* [EXERCISE OBJECTIVE] No pictures should appear in the copy. Reproduce exactly the lines from the one containing "Formerly Lactarius hygrophoroides." through the end of the material below.

Segment Start: RAW DATA

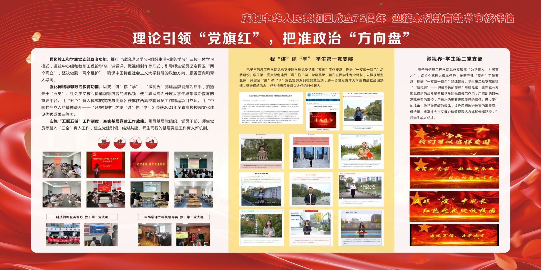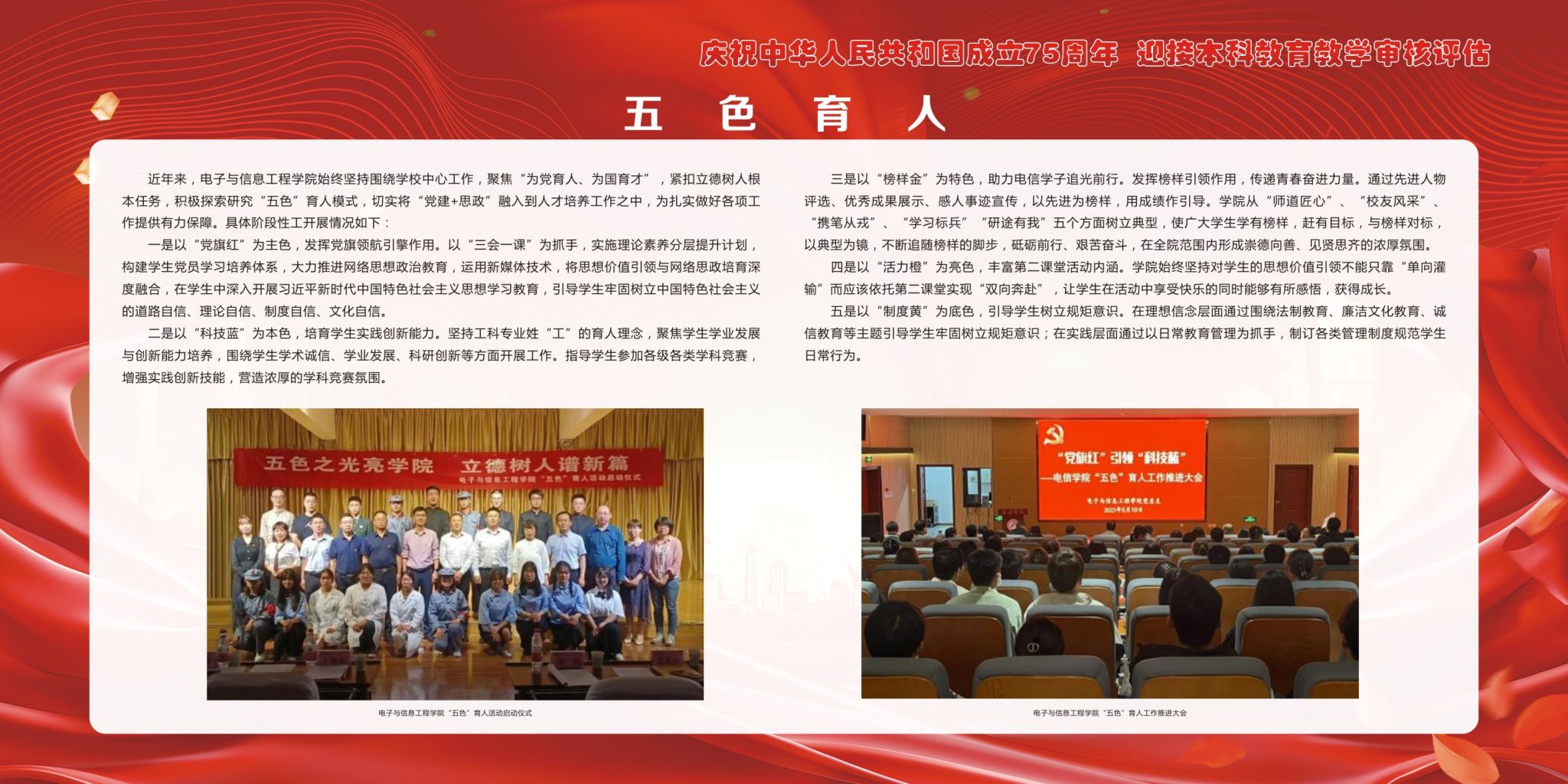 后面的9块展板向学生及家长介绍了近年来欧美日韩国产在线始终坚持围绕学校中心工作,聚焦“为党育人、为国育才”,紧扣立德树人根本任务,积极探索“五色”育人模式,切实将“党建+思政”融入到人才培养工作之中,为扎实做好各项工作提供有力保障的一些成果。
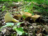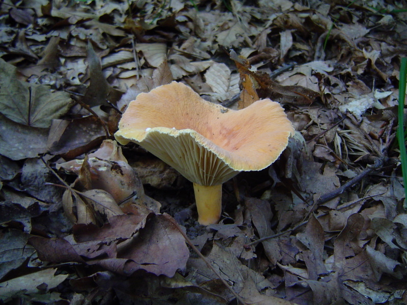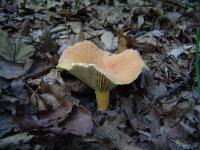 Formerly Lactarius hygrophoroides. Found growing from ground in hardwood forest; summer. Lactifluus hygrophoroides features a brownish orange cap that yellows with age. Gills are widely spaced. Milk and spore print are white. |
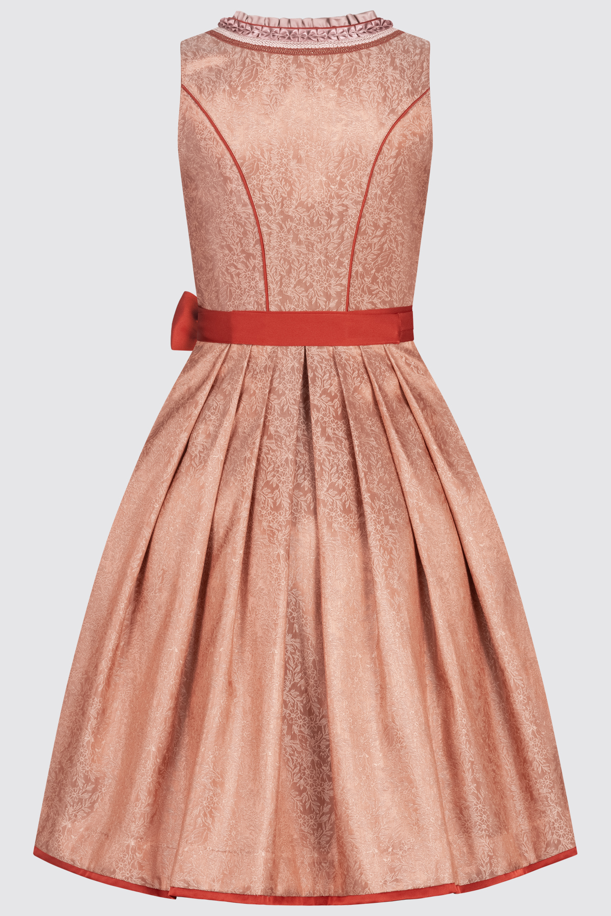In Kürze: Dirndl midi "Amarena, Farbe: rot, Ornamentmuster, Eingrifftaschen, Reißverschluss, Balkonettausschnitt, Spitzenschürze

Segment End: RAW DATA

* [THE ANSWER]
 Formerly Lactarius hygrophoroides. Found growing from ground in hardwood forest; summer. Lactifluus hygrophoroides features a brownish orange cap that yellows with age. Gills are widely spaced. Milk and spore print are white. |
In Kürze: Dirndl midi "Amarena, Farbe: rot, Ornamentmuster, Eingrifftaschen, Reißverschluss, Balkonettausschnitt, Spitzenschürze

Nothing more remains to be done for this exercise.